3.1.1 Focus: Workhorse Estimators under Heterogeneity

Can existing workhorse estimators for linear panel data models — the within (fixed effects) and dynamic panel IV estimators — correctly estimate \(\E[\bbeta_i]\)? Of course, those methods were developed in the context of the simpler random intercept model (2.8) \[ y_{it} = \alpha_i + \bbeta'\bx_{it} + u_{it}. \tag{3.2}\] However, if they can also handle the more general Equation 3.1, then all the better for us — we do not need to develop any new methods.

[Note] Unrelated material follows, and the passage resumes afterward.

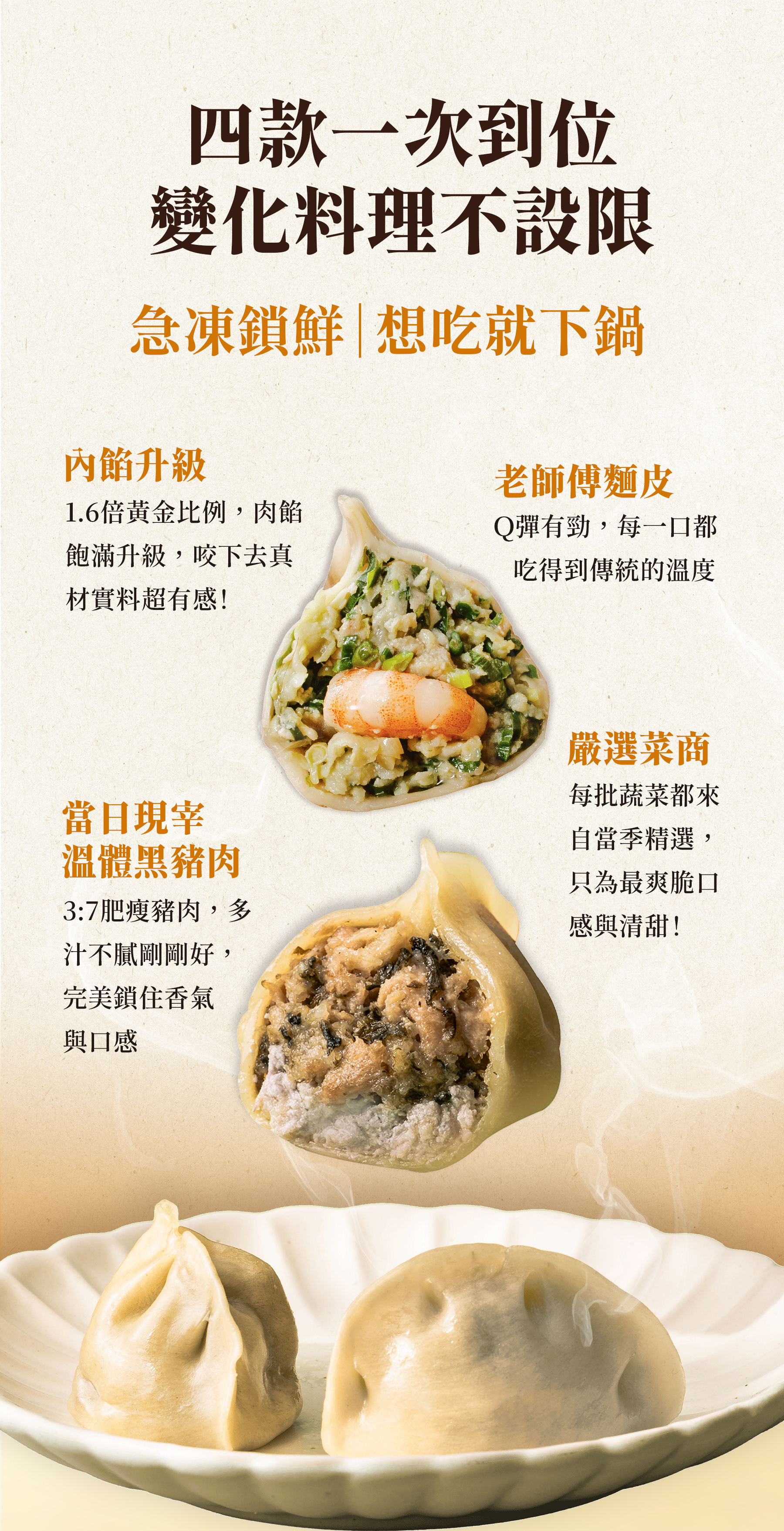 ●傳承老師傅桿出麵皮好勁道,皮薄餡滿、滋多味美,眷村兒時記憶裡的美味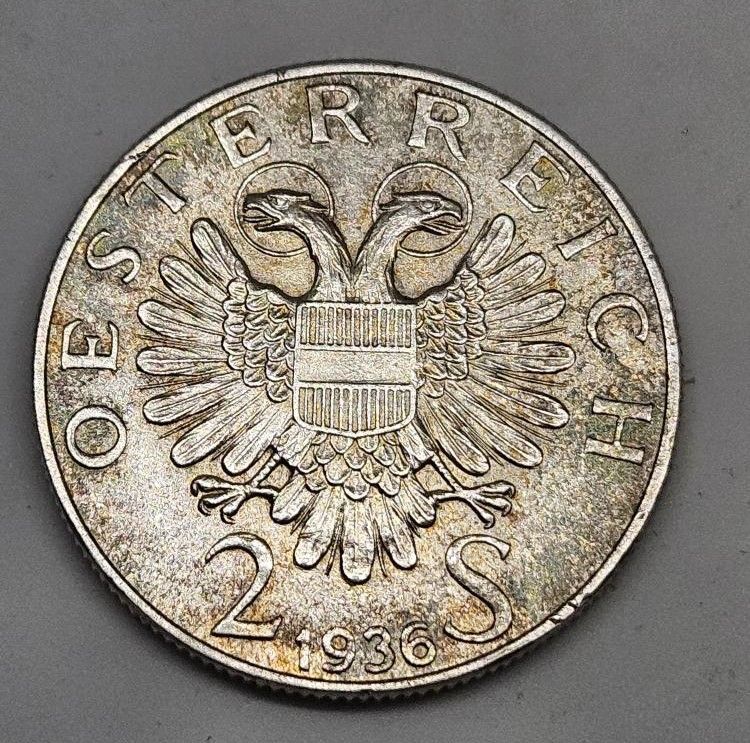 Rakousko 2 šilinky, 1936 - 200. Výročí úmrtí Prince Evžena Savojského - Ag 640/1000, 12g, 29,4mm

Unfortunately, such standard estimators usually fail when coefficients vary across units, as we will demonstrate. This failure holds both for static and the dynamic formulations of Equation 3.1.

3.1.2 This Section: Static Model and Fixed \(T\)

In this section, we consider the static case and the associated workhorse estimator — the within (fixed effects) estimator. By “static”, we mean that the model does not include lagged dependent variables as regressors. In addition, we assume strict exogeneity \[ \E[\bu_i|\bX_i]=0. \]

Throughout, we will assume that the number \(N\) of cross-sectional units is potentially large, while the number \(T\) of data points per unit is fixed. This setup is more reflective of typical micropanels.

3.2 Recall: Within Estimator in the Random Intercept Model

To begin, we will briefly go through the construction and the properties of the within estimator under the random intercept model (3.2).

3.2.1 Construction

Within (“fixed effects”) estimation of the random intercept model has two steps:

Apply the within transformation to each unit.
Apply OLS to the resulting pooled data.

3.2.1.1 Step 1: Within Transformation

To perform the within transformation, we first average the equations for unit \(i\) across \(t\). Label the average of \(y_{it}\) across \(t\) for unit \(i\) as

\[ y_{i\cdot} = \frac{1}{T} \sum_{t=1}^{T} y_{it}. \]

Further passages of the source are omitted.